_Exercise goal:_ Set down every line from the one with "On June 17 local" to the end of the entries, both ends included, exactly as it reads and without pictures.

(Stored dataset items)
==========
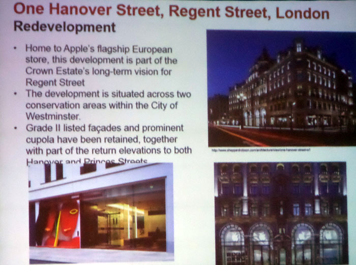 Наприклад, на Рідж Стріт, яка веде на площу Пикадили, тут заборонені вивіски, все дуже суворо – і в магазинах вивішують рекламу і назви тільки у вітринах. Ще приклади – Окфорд Стріт, Ханновер Стріт. Скрізь тут ідея – зберегти старе, додати нове і зробити це комерційно привабливим. Тут, за рідкісним винятком, стоять будинки XIX століття, у вікторіанському стилі заввишки 4-6 поверхів. При цьому надбудова мансард в Лондоні вважається цілком прийнятною, в них, наприклад, влаштовують дворівневі квартири. Але все робиться дуже ретельно, щоб дотримати бренд.
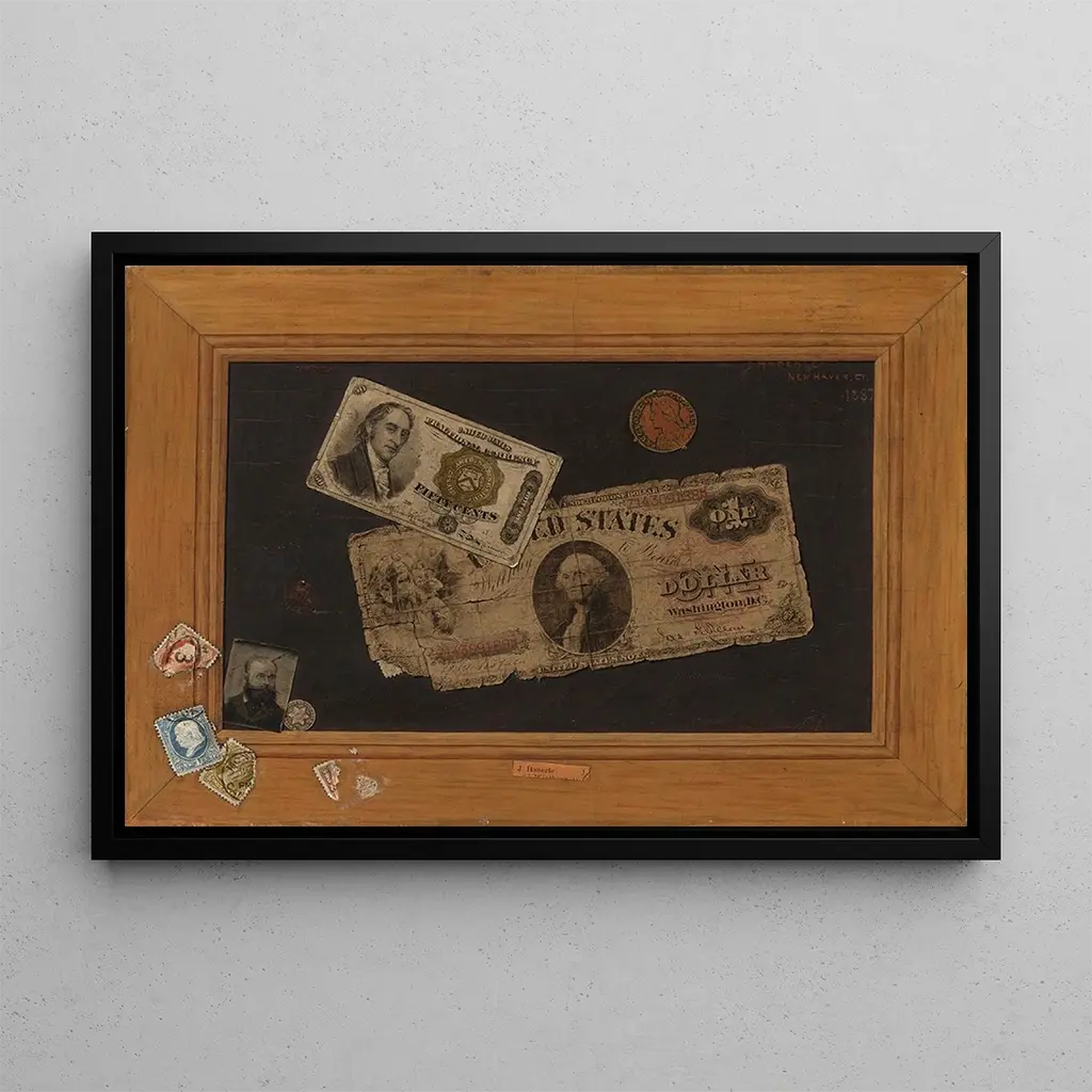 John Haberle, né en 1856, est un artiste américain reconnu pour son talent exceptionnel dans le domaine du trompe-l'œil. Actif à la fin du XIXe siècle, il a su s'imposer dans un contexte artistique où le réalisme et l'impressionnisme commençaient à dominer. Influencé par des maîtres européens, Haberle a développé un style unique qui allie précision technique et sens de l'humour. Ses œuvres, souvent empreintes de satire, interrogent la nature de l'art et la perception humaine. "Imitation" est l'une de ses pièces les plus emblématiques, témoignant de son habileté à manipuler la lumière et l'espace pour créer des illusions visuelles.
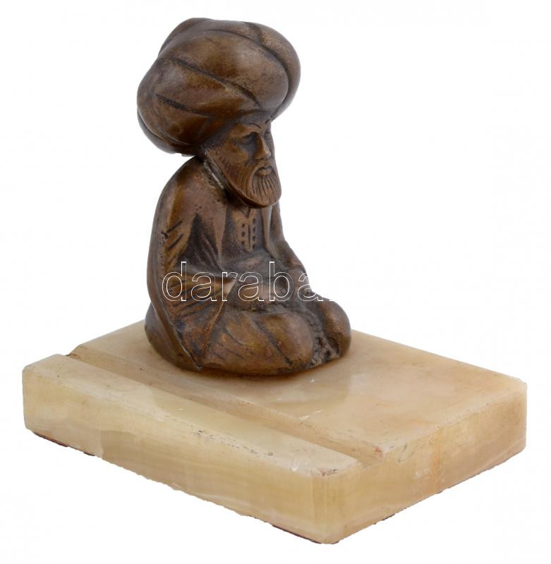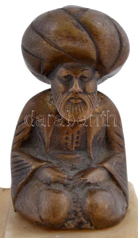 Imádkozó pasa, réz, márvány talapzaton, jelzés nélkül, m: 12 cm
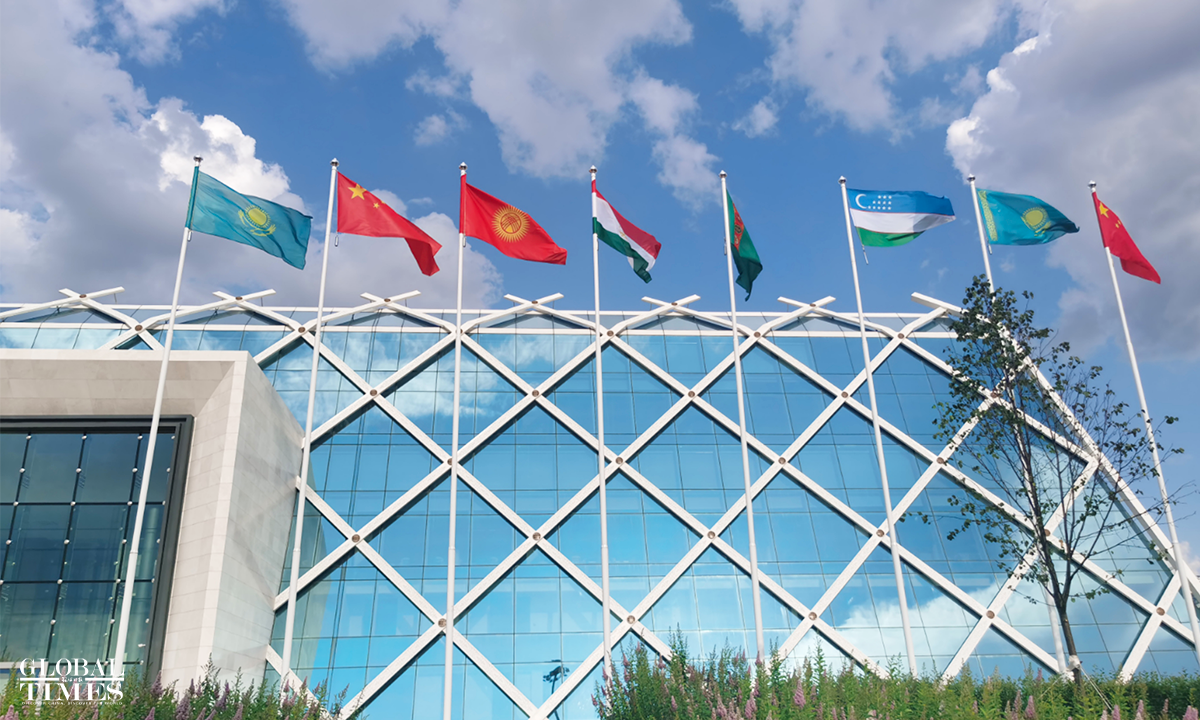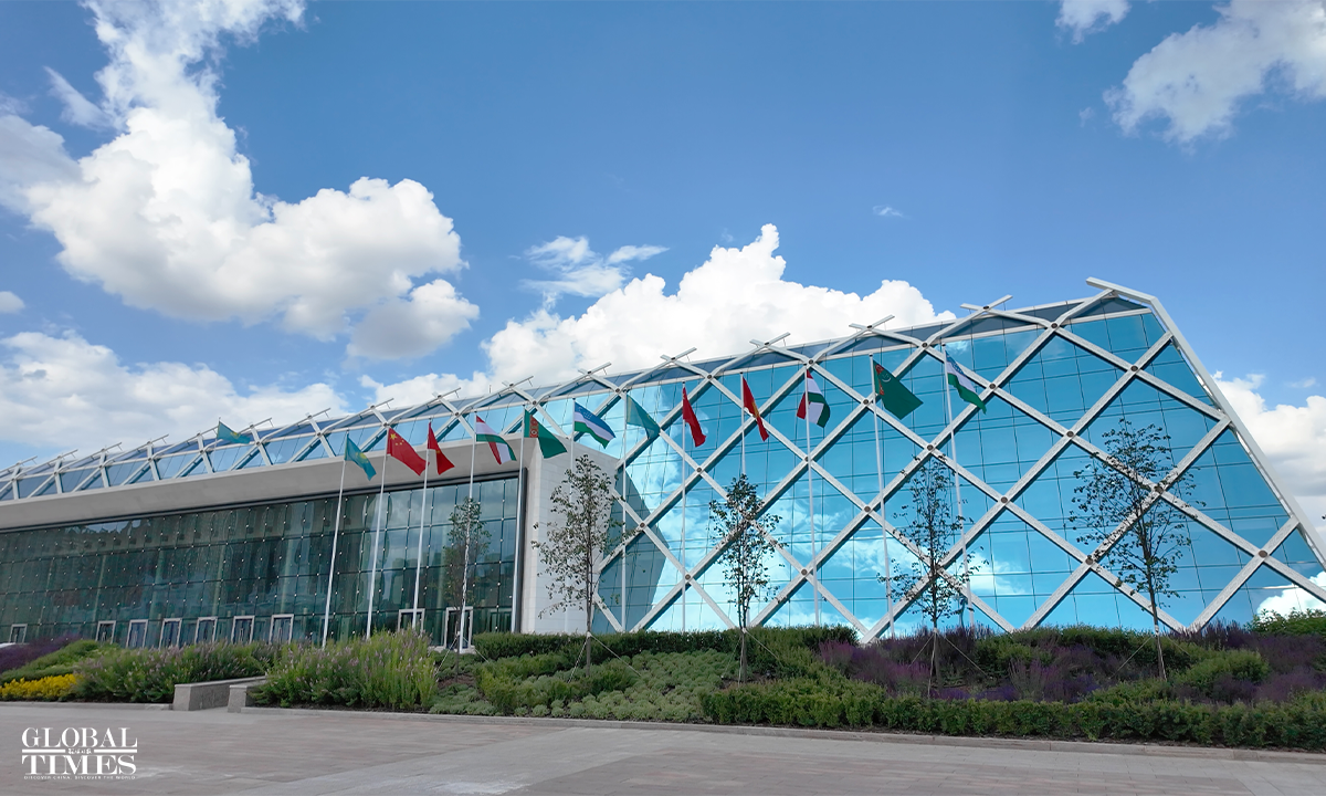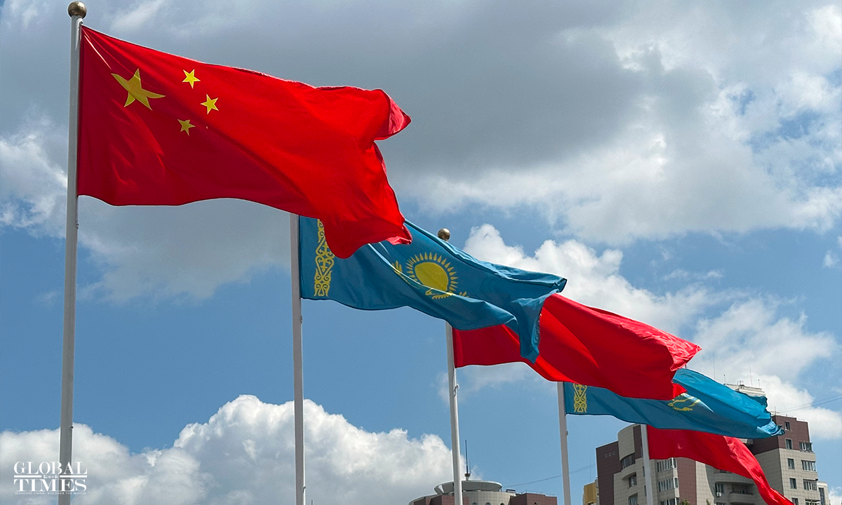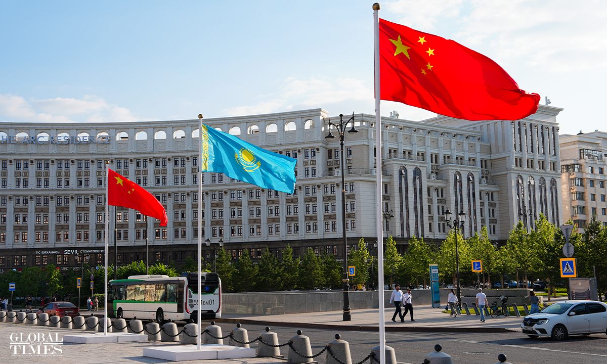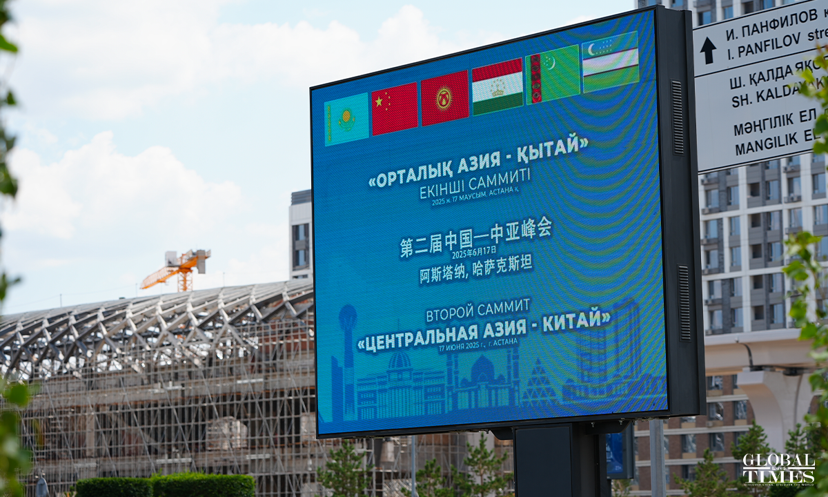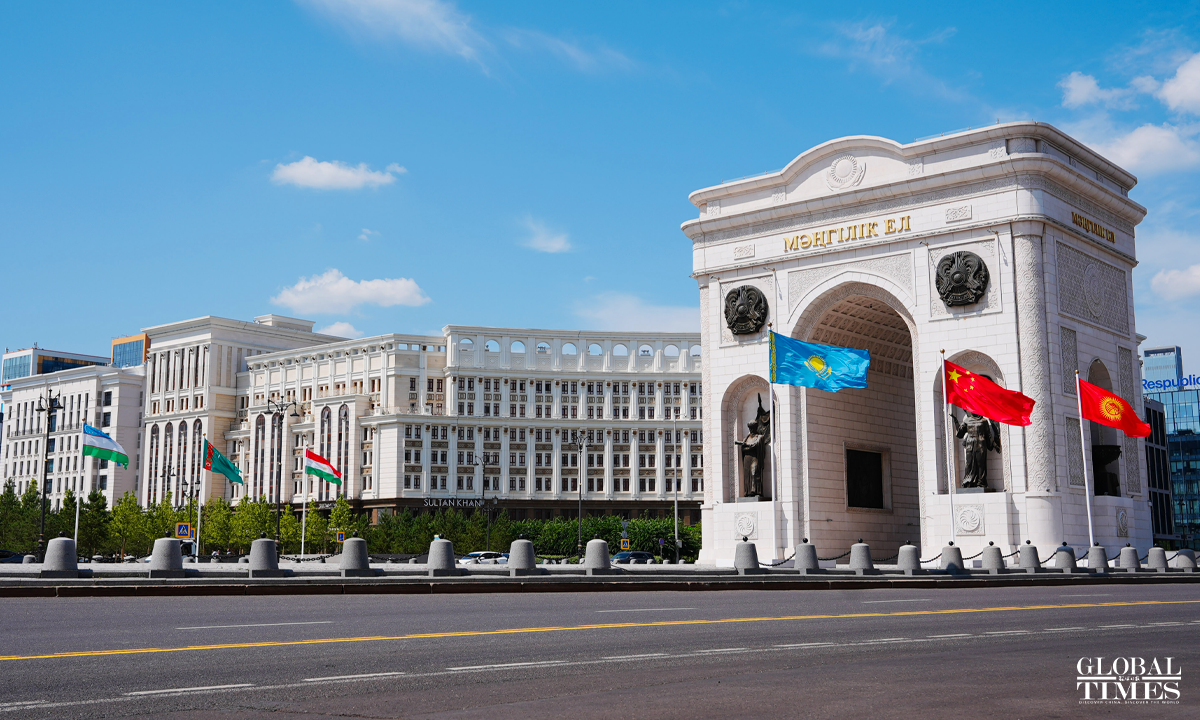 On June 17 local time, the second China-Central Asia Summit took place in Astana, the capital of Kazakhstan. Outdoor screens across the city featured summit posters with Chinese characters, while the national flags of China and the five Central Asian countries were seen flying at the Palace of Independence, the summit venue, and other key landmarks in Astana. Photo: Xue Ke, Hu Yuwei/GT
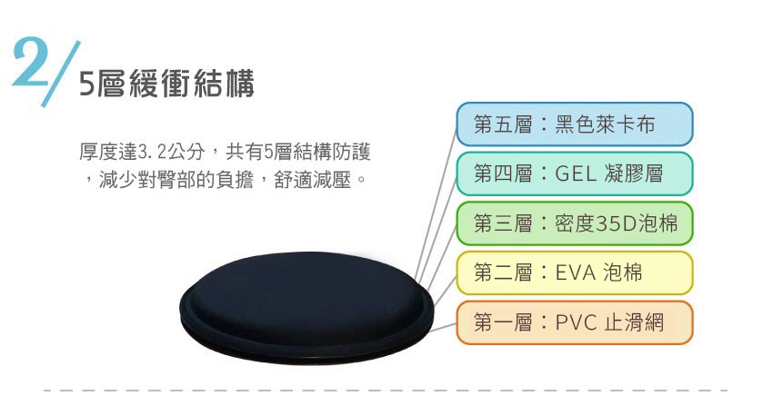 4. Materials: PVC anti-slip mesh, EVA foam, 35D density foam, GEL, Lycra fabric
==========
_Solution for this problem:_
 On June 17 local time, the second China-Central Asia Summit took place in Astana, the capital of Kazakhstan. Outdoor screens across the city featured summit posters with Chinese characters, while the national flags of China and the five Central Asian countries were seen flying at the Palace of Independence, the summit venue, and other key landmarks in Astana. Photo: Xue Ke, Hu Yuwei/GT
 4. Materials: PVC anti-slip mesh, EVA foam, 35D density foam, GEL, Lycra fabric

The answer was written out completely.